Em novembro do ano passado, ao mandar para o Congresso Nacional a Proposta de Emenda Constitucional do Pacto Federativo, o governo federal colocou, entre outras mudanças na legislação, a possibilidade de extinguir municípios com menos de 5 mil habitantes e com arrecadação própria inferior a 10% de sua receita total. A proposta também restringe a criação de novas prefeituras pelo Brasil. 

Desde que a PEC foi protocolada, o tema voltou a ser fortemente discutido. Embora um grupo significativo da população que mora nas grandes cidades seja simpático à iniciativa – que acabaria com 1.254 prefeituras em todo o Brasil e ameaçaria pelo menos cinco municípios do estado de Mato Grosso do Sul –, a proposta parece não ter fôlego para ser aprovada pelos deputados e senadores, e os motivos são fáceis de serem constatados: reduzir municípios é reduzir bases eleitorais já financiadas pelo poder público. 

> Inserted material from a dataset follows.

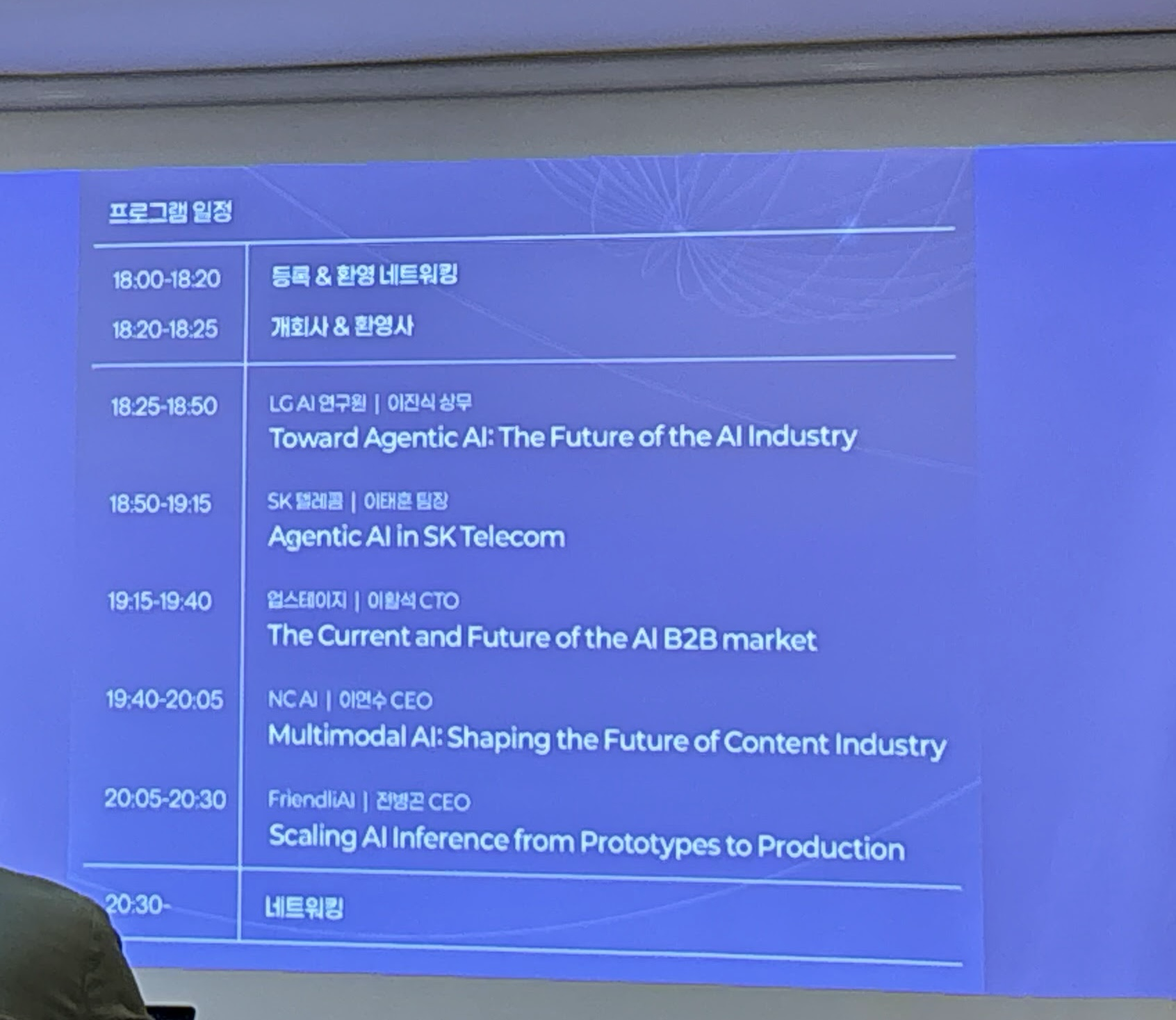 이번 밋업에서 발표를 진행한 기업은 LG AI, SK 텔레콤, 업스테이지, NC AI, FriendlyAI였습니다. FriendlyAI를 제외한 4개 기업은 네이버 클라우드와 함께 과기정통부의 K-AI(국가대표 AI) 프로젝트에 선발된 기업들입니다. 선정 기업 중 네이버 클라우드는 이번 밋업에 참여하지 않았지만, 대신 AI 추론 및 인프라 분야 파트너로서 이들과 협력 중인 FriendlyAI가 행사를 주최하며 자리를 채웠습니다.

Há quem diga que, mesmo não se sustentando, alguns pequenos municípios são necessários, sobretudo os localizados em regiões distantes dos grandes centros, porque forçam a presença do estado brasileiro nos rincões, fornecendo serviços básicos nas áreas de saúde, educação e infraestrutura a pequenas comunidades. Mas tudo em excesso pode fazer mal. Há pequenos municípios, muito próximos dos grandes centros, que não precisariam da independência e que representam um alto custo para a manutenção de toda a estrutura de uma prefeitura, com prefeito e cargos do primeiro escalão, além de nove vereadores (o número mínimo e a média das câmaras das pequenas cidades). 

Nesta edição, mostramos que para 2020 o governo federal conseguirá mandar mais dinheiro para as cidades brasileiras, por meio do Fundo de Participação dos Municípios (FPM). O fundo é o principal meio para o sustento destas localidades com menos de 5 mil habitantes e também tem papel importante para a administração das médias cidades.

Independentemente de estar errado ou certo, o Brasil ter mais de 5 mil municípios; a forma de financiá-los deve ser repensada. Em países da América do Norte e da Europa, boa parte da arrecadação de uma comunidade fica no município, e de lá se decide o que será feito com os recursos. É justo que os municípios tenham participação na arrecadação da União, mas seria ainda mais justo se eles tivessem o poder de administrar o orçamento feito a partir do que seus moradores produzem.